# Where are the lift points on a 2012 Cruze?



## Blasirl (Mar 31, 2015)

FireFox31 said:


> Hello, where are the lift points on a 2012 Cruze? Specifically, what are the four corner points I would put the ends of an automotive lift like the dealership has? Also, where are the front and rear center points where I could lift one end with a floor jack?
> 
> I want to be sure I'm lifting this car safely. Any pictures you could provide would be really helpful. Thanks.


Look Here


----------



## dhpnet (Mar 2, 2014)

^^ The link Blasirl provided show photos of the correct jacking locations. 

Also, look at the beginning of that thread linked above. I created 3 of the metal and wood pieces posted in that thread and they work great. I never felt completely confident jacking my Cruze until I created those. Now it feels very safe and stable when I lift it.


----------



## Blasirl (Mar 31, 2015)

I forgot about mentioning those, sorry....:redface:

If you're not as handy as @dhpnet, you could go with these, although I think his would be a bit more stable.


----------



## dhpnet (Mar 2, 2014)

Blasirl said:


> I forgot about mentioning those, sorry....:redface:
> 
> If you're not as handy as @*dhpnet*, you could go with these, although I think his would be a bit more stable.

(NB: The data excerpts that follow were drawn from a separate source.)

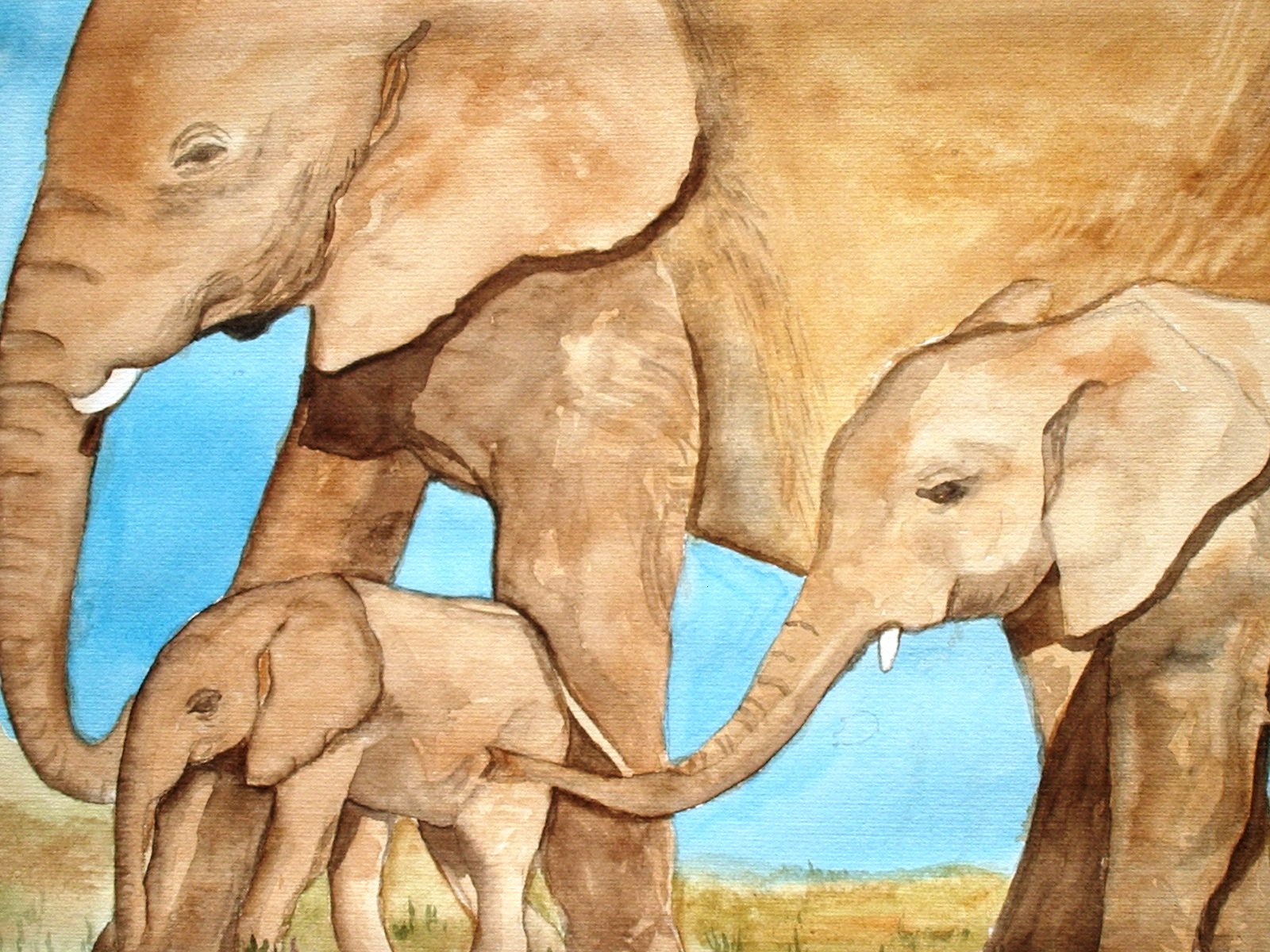 Groep Dieren Afrika Aquarel Realistisch Olifanten
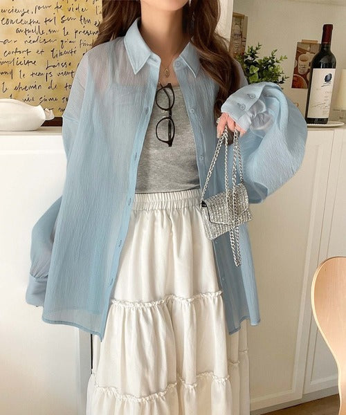 女性らしさもカジュアルさも叶うシアーシャツ。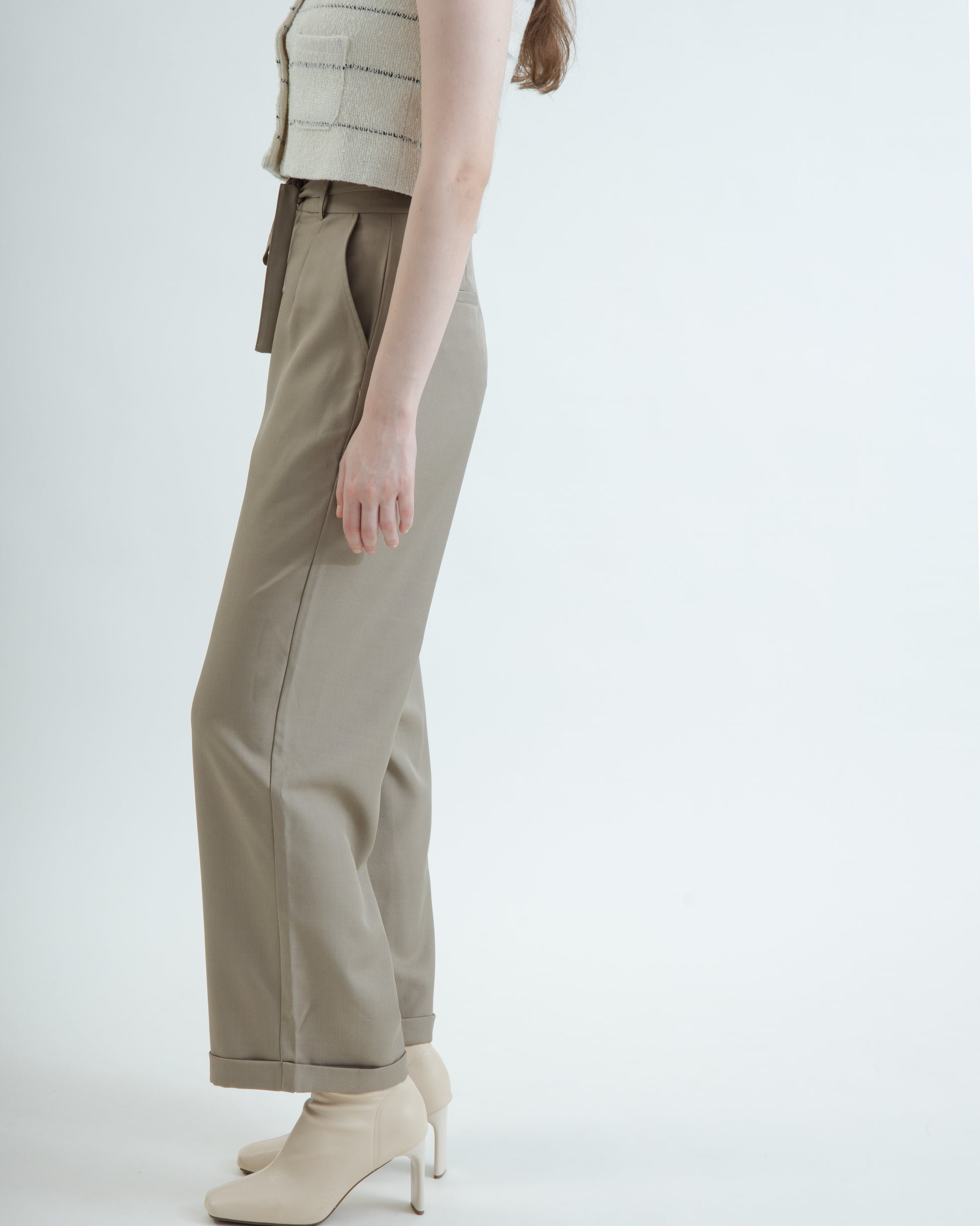 Belted Straight Cut Trousers, made from 95% Polyester and 5% Spandex, feature a sleek suit fabric with excellent vertical drape for a slimming effect. The straight-leg design is complemented by a matching fabric belt, allowing for adjustable styling. With two functional side pockets and decorative faux pockets at the back, these trousers offer both utility and elegance. The folded hem detail at the cuffs adds a touch of sophistication, while the soft, skin-friendly fabric ensures all-day comfort. Perfect for both formal and casual outfits!

I wish I could take credit for the idea of making those jack pads, but that belongs to @swedgemon The rubber pads work. I have the same ones you posted, but I never felt completely confident climbing under the car with those. I also tried hockey pucks, but they didn't cover the weld seam as much, and I was always concerned they would break. The metal and wood pads are almost like the old days when you could just put the jack directly on the frame. 

They weren't very hard to make. There are a lot of metal shops that can cut the metal for you. You could also probably find a wood shop that could cut the wood for you. Then you would just need to glue it.


----------



## thebac (Jul 29, 2017)

I use the rear bushing mount of the lower control arms to lift the front, and the pad under the coil springs to lift the rear. 

That probably wouldnt help much if you were trying to let the suspension hang loose, though.


----------